I've tried to find out some of the technical details of this.
publishes the current hash of repomd.xml, and also hashes of usually up to
two older repomd.xml files. You can see it here:
It's the <hash> tag in <file> and <alternates> tags.
Here's a nice graph showing how often our mirrors distribute current, or
The time restraints are defined here:
If the current push is older than 2 days, there should be no alternate hashes
older than 3 days. If the current push is younger, there can be one hash
arbitrarily old, but no further hashes older than 3 days. I hope I read the
code correctly (the docstring doesn't seem to match it exactly).
However, it also depends on how often metalink is regenerated, the old items
will not disappear on their own. I learned that all metalinks are
regenerated based on any of these fedmsg events:
So if there is no new push (in any repository), metalinks are not regenerated
and old hashes are not dropped. Theoretically releng could send out one of
those fedmsg events artificially to trigger metalink regeneration, if
Currently, there are no means to generate a new metalink with alternative
hashes disabled, or removing those alternatives from the metalink
intentionally at some point of time afterwards. That would require patching
our tools. This would of course lead to a larger load on our master mirror
and those mirrors which managed to get synced quickly, because that would
disqualify any other mirrors which are not completely current. But it could
get handy in some situations, unfortunately the tools do not allow it at the
The second part of the story is dnf. In dnf, metadata_expire= option defines
how often metalink is pulled again and new metadata are downloaded if the
cached metadata hash differs from the current hash in the metalink. However,
if the top-listed repository is not completely up-to-date (it contains
current-1 or current-2 metadata), but its hash is listed among alternate
hashes in the metalink, dnf is fine with that and does not attempt to query
different repos to retrieve the very current metadata. That means that as
long as the metalink contains some older hashes, and some repository offers
that older metadata, some users might not get latest metadata. The default
value for metadata_expire is 6 hours for stable updates.
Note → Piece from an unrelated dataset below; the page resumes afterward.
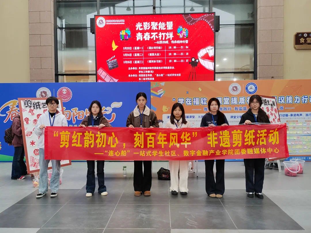 为切实传承中华优秀传统文化,厚植青年爱党爱国情怀,让非遗文化在新时代焕发新生机,向建党105周年献上诚挚祝福。2026年3月24日,福州软件职业技术学院“连心船”一站式学生社区与数字金融产业学院团委融媒体中心在风雨长廊联合开展“剪红韵初心,刻百年风华”非遗剪纸活动。

So, the outcome of this exercise is:
If we want to be sure the latest updates are available to _all_ our users, we
need to wait until there are no older metadata hashes in the metalink and
then 6 more hours. There will be no older metadata hashes in the metalink
when 3 days pass since the push of the important update, *once* there is a
new push after that time (which will regenerate the metalink), or if releng
send out a fake event manually.
This is, uh, a) quite a long time and b) complex. I'll be very glad if you
can point out anything that I've described or understood wrong.
Taking all of this into account, would this be a reasonable idea?
1. At Go/No-Go voting time, all updates which block F-N release but belong to F-M (M<N)
release, must be already pushed stable. If this is not the case and it's the last
blocking issue, selected tasks (like copying compose trees into appropriate places) can be
performed, and Go/No-Go will be rescheduled to the day and time when it is expected that
those updates will have been pushed.
2. We will create a new mirrormanager script which will go through the specified
metalink(s) and remove all metadata hashes which are older than provided timestamp/hash.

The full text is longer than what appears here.